Critiqué en su tiempo el actual modo de elección de magistrados. Este fue inspirado en las tesis soberanistas (“que el pueblo elija”) de unos profesores españoles. A ellos se les encargó poner orden en el caos constituyente, pues, no había quién redactase un texto constitucional que reuniera la discusión de las comisiones. Flaco favor fue entregar el alma constituyente a unos consultores itinerantes.
En ese momento, personalidades hoy contrarias al procedimiento de elección judicial y que piden su reforma, abogaron por el mecanismo o callaron ante su aprobación, para viabilizar entera la Constitución propuesta por el MAS. Pocos de aquellos han expresado su mea culpa por meter o ayudar a meter al país en este enredo.
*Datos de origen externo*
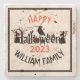 design de modelo de halloween legal e feliz. Design de conceito de tipografia de Spooky Halloween. As letras são feitas com imagens de símbolos de halloween. Morcegos negros, árvores assustadoras. O legal modelo de halloween com nome de família e ano é personalizável.

Pero a estas alturas ni el MAS apoya ya la elección judicial. Para todos es un procedimiento huérfano, y ya no están los profesores españoles para pedirles cuentas. Sin embargo, aunque ya nadie las respalda, las elecciones judiciales son el engendro con el que nuestra comunidad política está forzada a vivir. Esto, a falta de una reforma constitucional cuya posibilidad no se ve por ningún lado. Quedó corta, por ejemplo, la iniciativa de los Juristas Independientes, por falta de firmas.
Las elecciones judiciales atraen susceptibilidades. Los evistas, preocupados porque su postergación alargue el mandato de los actuales magistrados. Y porque, como insinuó el ministro de Justicia, los mismos magistrados resuelvan una eventual prohibición a Evo de postularse de nuevo, en una lectura restringida del Art. 168 de la Constitución sobre la legalidad de la reelección discontinua. Los opositores, por su parte, preocupados porque en el MAS sanen ocasionalmente sus divergencias y alcancen los 2/3 de votos presentes, como en la elección del Defensor del Pueblo, para contar nuevamente con magistrados de esos que aprueban la reelección como derecho humano o hacen cosas peores.
El dilema inmediato, empero, no es si se está a favor o en contra de las elecciones judiciales, sino qué puede pasar ante la omisión del legislador de aprobar una ley que las viabilice. El riesgo es que la inconstitucionalidad por omisión, el amparo u otro procedimiento que elijan llegue a los tribunales, una vez que ya se prevea que el legislador no cumplirá con su atribución. En ese caso, estaríamos dejando que los actuales magistrados tengan la última palabra sobre la inacción del Legislativo. De ahí a que salgan sentencias constitucionales interpretativas que, por ejemplo, prorroguen a los actuales magistrados, hay solo un paso. La pregunta política es ¿a quién beneficiaría ese estado de cosas?
El dilema entonces no es si apoyar unas elecciones judiciales bajo un método repudiado, sino qué puertas del poder se abren si el Legislativo omite actuar. Es por eso que el proyecto de ley del Senado, aprobado la pasada semana, es un mal menor, en la medida en que impide, por de pronto, la opción de que el Órgano Judicial valide las acciones constitucionales por omisión que le permitan decidir qué hacer en ausencia de elecciones judiciales. Su argumento sería que el Estado no puede omitir el deber de administrar justicia en materias de la mayor importancia. Es ese el riesgo que el proyecto de ley del Senado mitiga.
Las bancadas opositoras deberían, por su parte, explicar si, además, este proyecto de ley reduce las chances de que se filtren o promuevan candidatos con discrecionalidad oficialista, como sí ocurrió en la elección del Defensor del Pueblo. Si así fuera, es preferible una elección judicial nueva que unos magistrados prorrogados por obra y gracia de sí mismos, y de las influencias que puedan comprometer. Si, por el contrario, el riesgo de la discrecionalidad oficialista subsiste, nos toca una disyuntiva perversa: quedarnos con estos magistrados o elegir nuevos que puedan llegar a ser iguales. Con todo, en una mirada posibilista, es preferible este último escenario. Mucho riesgo es jugar con magistrados a los que solo les quede prometer favores para permanecer en sus cargos.